Exercise instructions: Write out the whole listing below exactly, skipping each picture.

━━ Data extract ━━

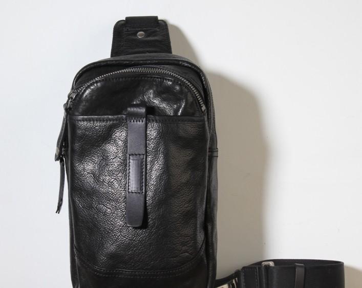 Design: Genuine Leather Mens Cool Chest Bag Sling Bag Crossbody Bag Travel Bag Hiking Bag for men
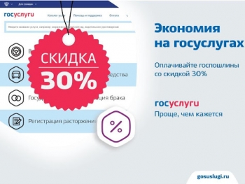 Напоминаем, что с 1 января 2017 года лицам, обращающимся за госуслугой с помощью сайта www.gosuslugi.ru, предоставляется 30%-ая скидка на уплату госпошлины. И эта льгота распространяется на все виды государственных услуг, где предусмотрена оплата госпошлины.
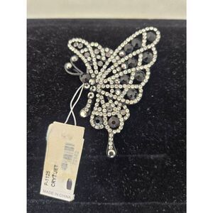 Laila Rowe Black/White Rhinestone Butterfly Brooch Pin
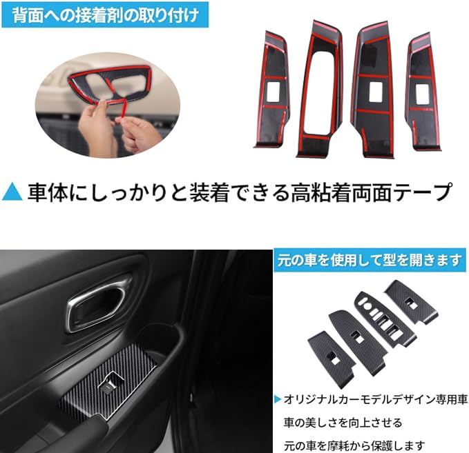 【GIKAKU】トヨタ アルファード40系 ヴェルファイア40系 アルファード40系 アクセサリー ウィンドウスイッチパネル 運転席と助手席の両方に対応 汚れ 傷防止 耐摩擦 カバー Alphard 内装パーツ カスタム(カーボン調 ) (ピアノブラック)

━━━

Exercise solution:
 Design: Genuine Leather Mens Cool Chest Bag Sling Bag Crossbody Bag Travel Bag Hiking Bag for men
 Напоминаем, что с 1 января 2017 года лицам, обращающимся за госуслугой с помощью сайта www.gosuslugi.ru, предоставляется 30%-ая скидка на уплату госпошлины. И эта льгота распространяется на все виды государственных услуг, где предусмотрена оплата госпошлины.
 Laila Rowe Black/White Rhinestone Butterfly Brooch Pin
 【GIKAKU】トヨタ アルファード40系 ヴェルファイア40系 アルファード40系 アクセサリー ウィンドウスイッチパネル 運転席と助手席の両方に対応 汚れ 傷防止 耐摩擦 カバー Alphard 内装パーツ カスタム(カーボン調 ) (ピアノブラック)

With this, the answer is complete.